UMC's `optimal` mode tries 128 (transform, compressor) combinations and picks the smallest. On 7 diverse data types, it beats the best standard compressor on 6 and ties on 1:

| Dataset | UMC optimal | Best std compressor | Winner | Delta |
| ------- | ----------- | ------------------- | ------ | ----- |
| Monotonic counters | **5.48x** | lzma 2.95x | **UMC** | **-46%** |
| Scientific sim | **1.35x** | lzma 1.21x | **UMC** | **-10%** |
| Quantized sensors | **4.20x** | lzma 3.81x | **UMC** | **-9%** |
| Random noise | **1.20x** | brotli 1.09x | **UMC** | **-9%** |
| Image tiles | **1.34x** | lzma 1.23x | **UMC** | **-9%** |
| Financial OHLCV | **2.45x** | lzma 2.28x | **UMC** | **-7%** |
| Sparse events | 15.81x | zstd 15.91x | Tied | -1% |

**Key insight:** UMC never loses by more than 1% (format header overhead).

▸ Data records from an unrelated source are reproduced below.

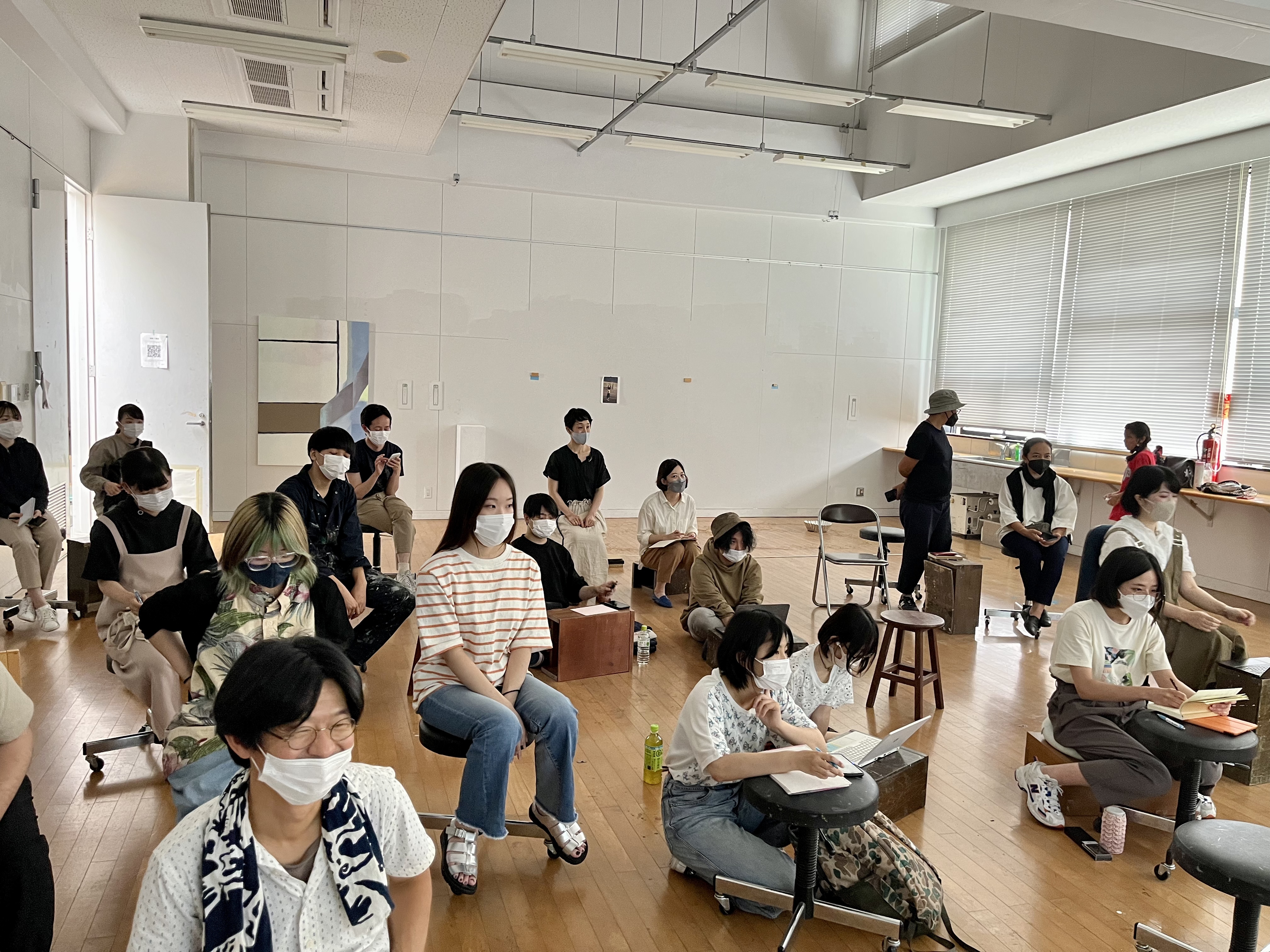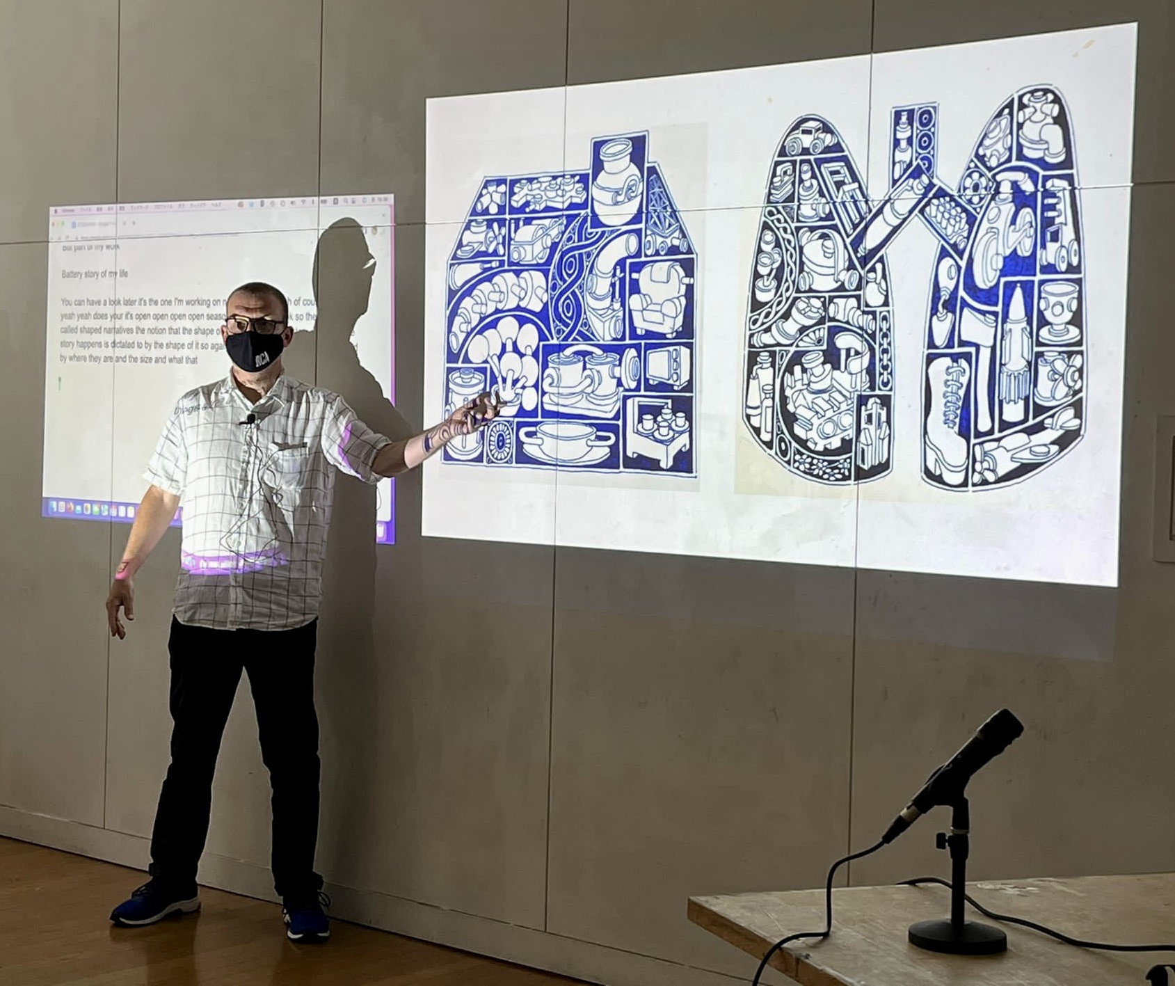 As part of the residency, Dr Kyung Hwa Shon and I had studio provision within the art department of Onomicho City University. We engaged with the student community in various sessions and approaches throughout our stay. The first was a lecture on practice and an introduction to the RE- & DE- research project with Kyung Hwa Shon and myself, convened and supported by Yutaka Inagawa and Tamaki Ono. We delivered a presentation situating our practice and relating it to the RE- & DE- project and exchange element. The translation was supported by Associate Professor Yutaka Inagawa. There was an audience of thirty to forty BA and MA students, professors, curators and local and international artists.
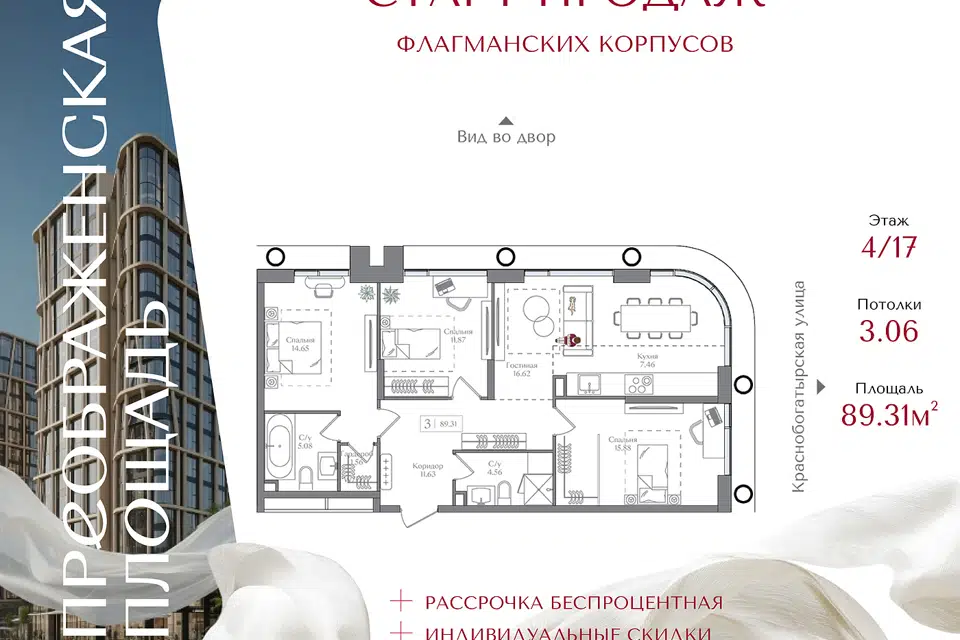 3-комн. кв., 89.31 м², 4/16 этаж
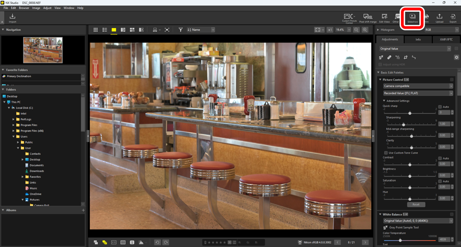 To view the current selection or the pictures in the current folder in a slide show, click [Slideshow] in the toolbar.
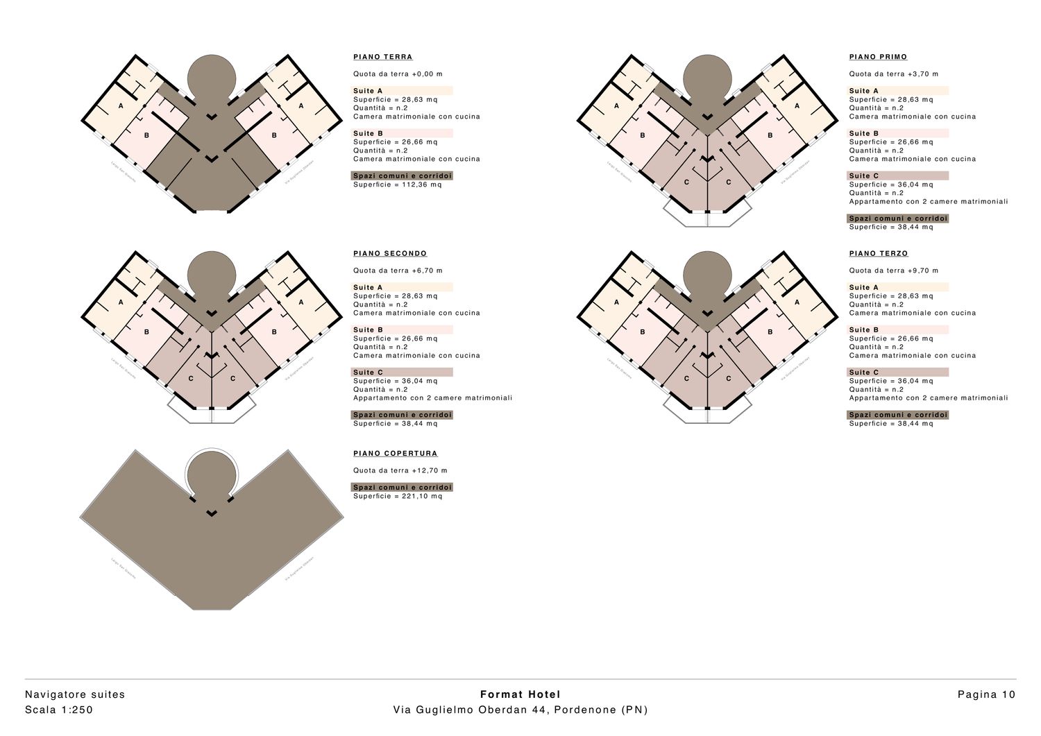 Il piano terra ospita 2 suites di tipo A e 2 suites di tipo B. I corridoi centrali e gli spazi comuni occupano una superficie di 112,36 mq, includendo aree di accesso ampie e trasformabili, oltre a servizi e ripostigli. La forma a V permette un flusso naturale verso l'ingresso principale.
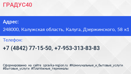 ГРАДУС40 по адресу 248000, Калужская область, Калуга, Дзержинского, 58 к1 в дальнейшем Организация, размещена в следующих категориях:
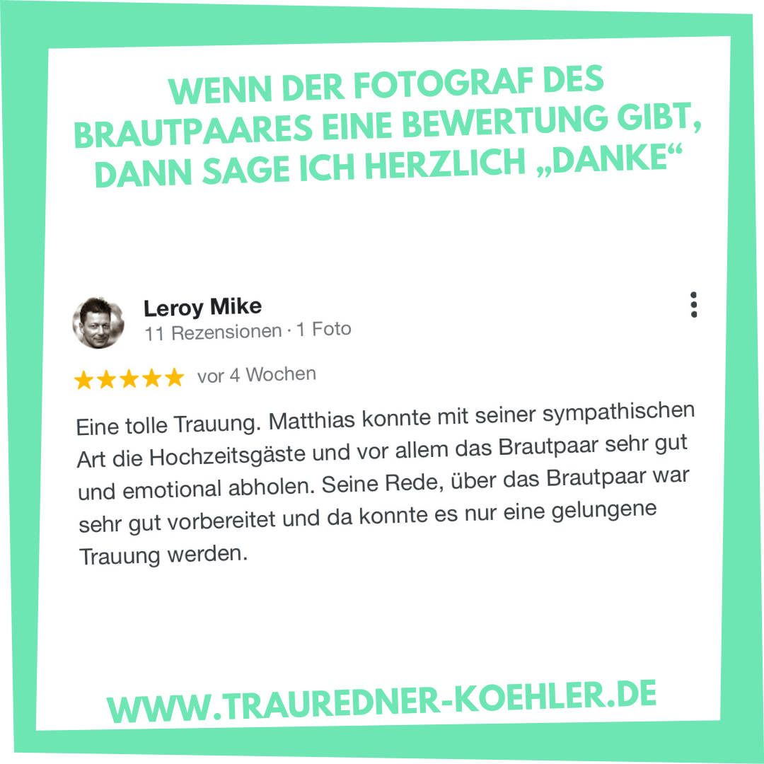 Ich habe Matthias als überaus sympathischen und professionellen Hochzeitsredner kennengelernt und ich persönlich als Hochzeitsfotograf habe die Zusammenarbeit mit ihm sehr genossen.
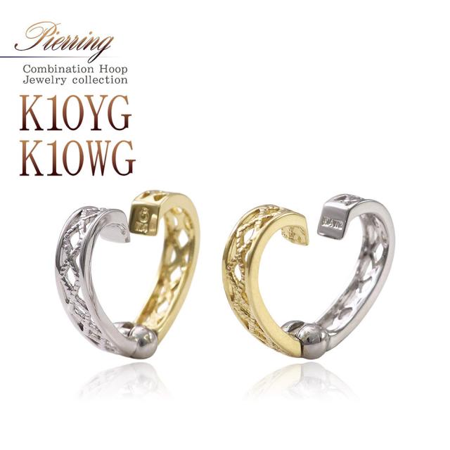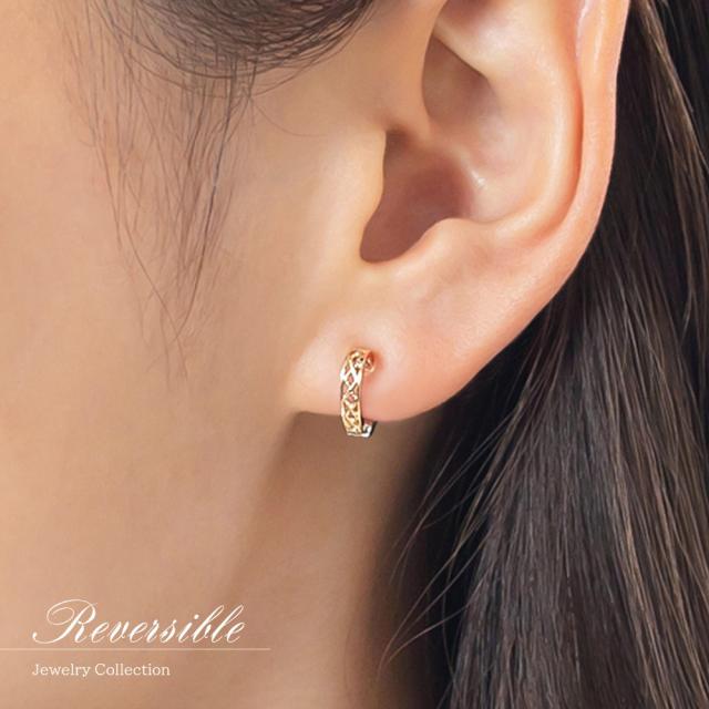 ピアスみたいなイヤリング ピアリング 正規品 フープ イヤリング 小さめ ハート かわいい 10金 ホワイトゴールド K10 ゴールド 10K レディース リバーシブル 透かし プレゼント ジュエリー 女性 妻 彼女 母の日 ギフト 2026 コンビジュエリー
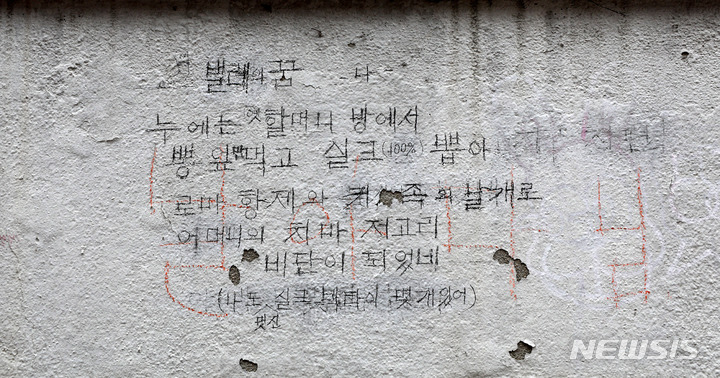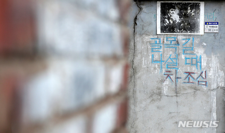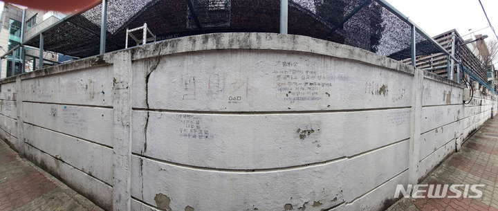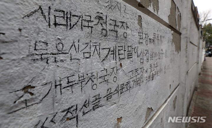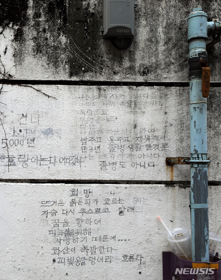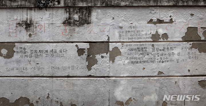 골목 입구 페인트가 벗겨진 벽을 따라 이어진 낙서. 누군가 써 놓은 글귀가 보인다.
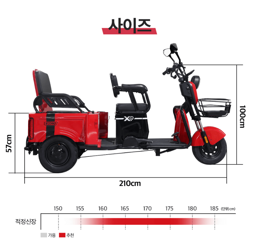 초보자나 고령자도 쉽게 운전할 수 있도록 삼륜차는 운전자에게 안정감을 제공합니다.
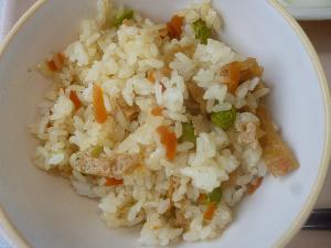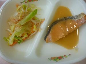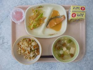 こぎつねご飯、牛乳、さけの甘みそかけ、糸寒天のごま酢あえ、なめこ汁、ミニピーチゼリー
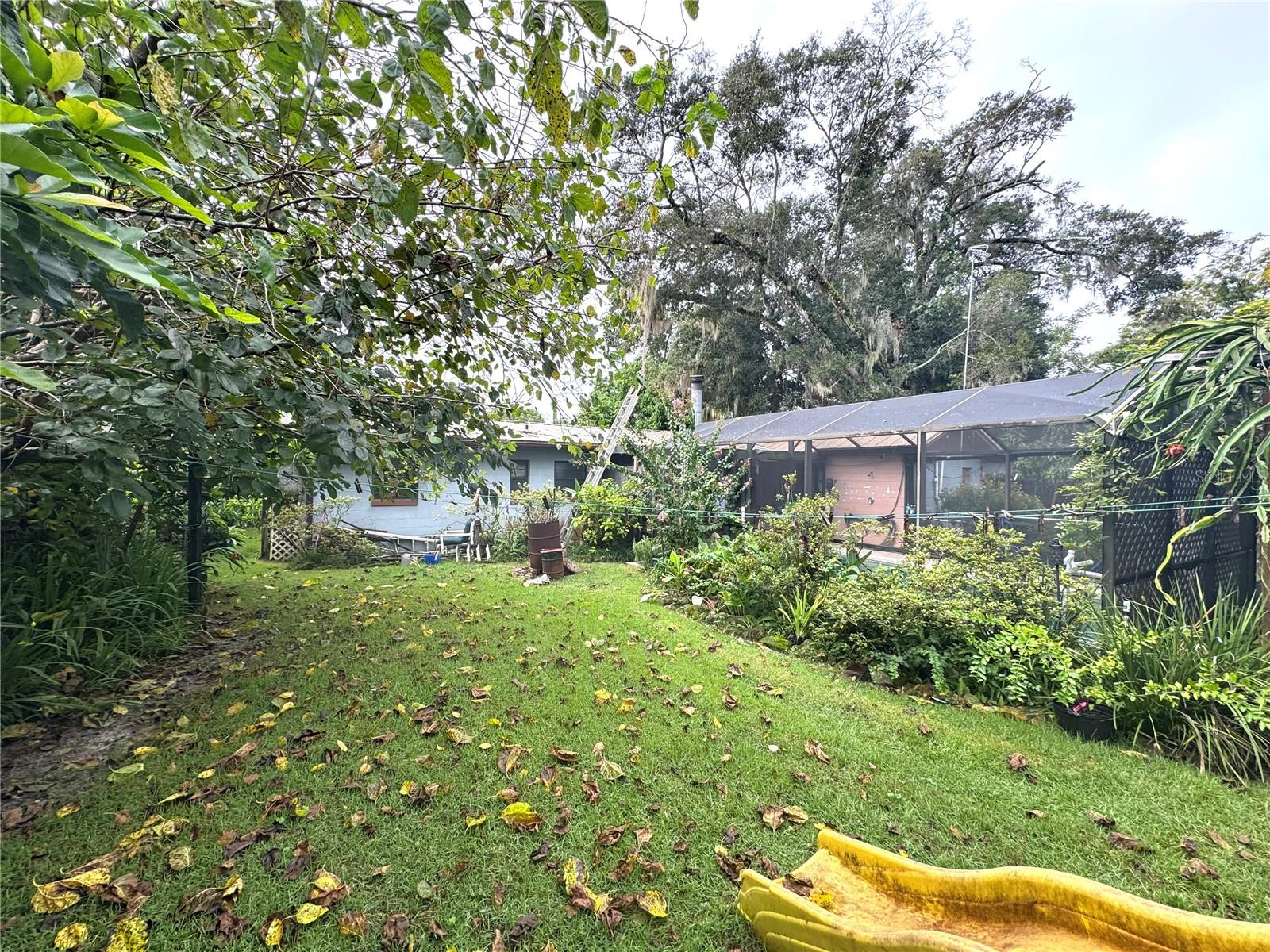 Welcome to this warming and cozy single family pool home. It has 3 bedrooms with 3 full bathrooms. Living and bedrooms flooring have ceramic, laminate and vinyl. Fire place in living room. Kitchen appliances will stay as well as the standup freezer and washer and dryer. 2 ceiling fans, dining room chandelier and primary bathroom vanity will not stay and will be replaced with proper items. New AC Unit installed in 2023; 2020 Roof; next to the electric panel has been added connections for a generator to provide electricity in some of the lights and appliances in the house. Security cameras with recording box. Workshop with power 225sq/ft with loft and covered outside storage. There is irrigation system with Wi-Fi control box on well water. The enclosed pool has a child proof fence, and pool pump is with solar panels; septic tank has been done 3 years ago. There are lots of amenities waiting for nature lovers in the back yard with several fruit trees mango, avocados, papayas mulberry, lemon, dragon fruit & pineapple, 15’ x 50’ garden area. Enclosed carport has its own private entrance, built in entertainment center and could be used as in-law suite o 2nd main bedroom. 2 attic access areas for additional storage.
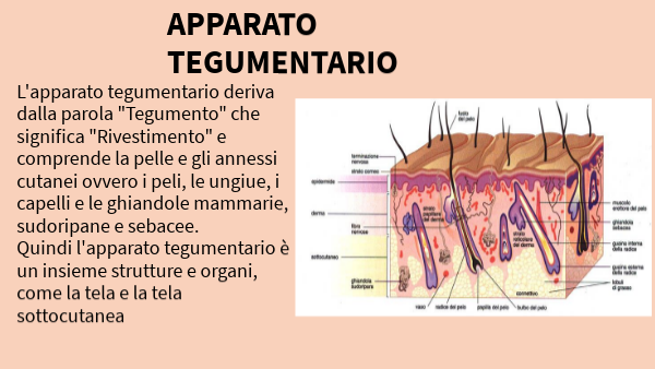L'apparato tegumentario deriva dalla parola "Tegumento" che significa "Rivestimento" e comprende la pelle e gli annessi cutanei ovvero i peli, le ungiue, i capelli e le ghiandole mammarie, sudoripane e sebacee. Quindi l'apparato tegumentario è un insieme strutture e organi, come la tela e la tela sottocutanea
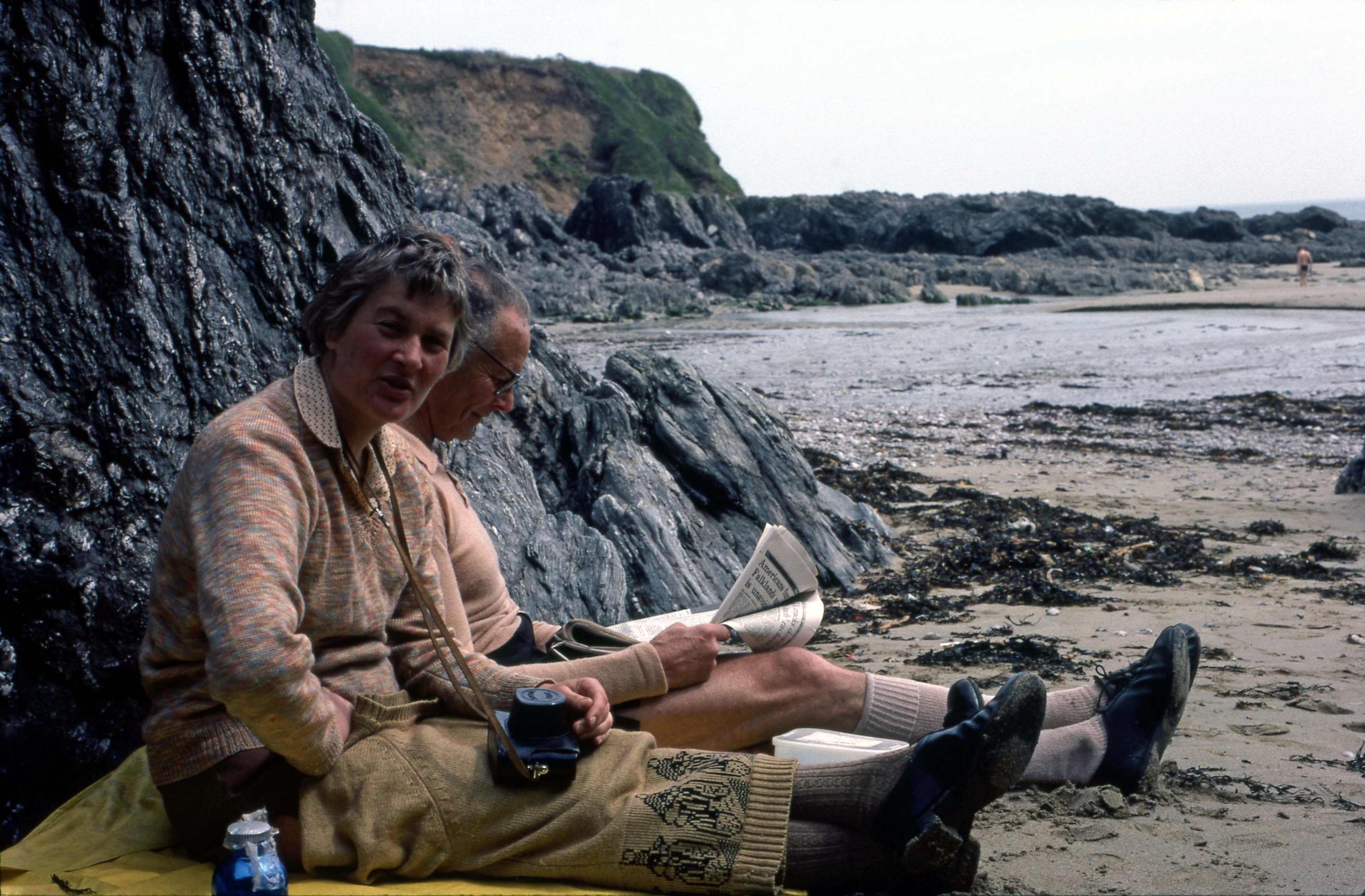 Jean and Colin Brierly relaxing after lunch at Lannacombe Beach

When its float-aware transforms help (predictive coding, byte transposition, exponent/mantissa splitting), it wins by 7-46%. When they don't help, it falls back to the identity transform and matches the best standard compressor.

### All compression modes

| Dataset | lossless | near_lossless | turbo | quantized_8 | optimal |
| ------- | -------- | ------------- | ----- | ----------- | ------- |
| Financial | 1.4x | 2.4x | 2.7x | 5.9x | **2.5x** |
| Images | 1.3x | 2.4x | 2.6x | 5.0x | **1.3x** |
| Audio | 1.2x | 2.4x | 2.9x | 5.0x | **1.5x** |
| Scientific | 1.3x | 2.8x | 3.4x | 6.5x | **1.4x** |
| Counters | 2.3x | - | - | - | **5.5x** |

## Optimal Mode: Provably Near-Optimal Compression

The `optimal` mode tries every viable (preprocessing, compressor) combination and picks the smallest output -- a brute-force application of the **Minimum Description Length** principle. It then produces an **optimality certificate** proving how close the result is to the theoretical Shannon entropy limit.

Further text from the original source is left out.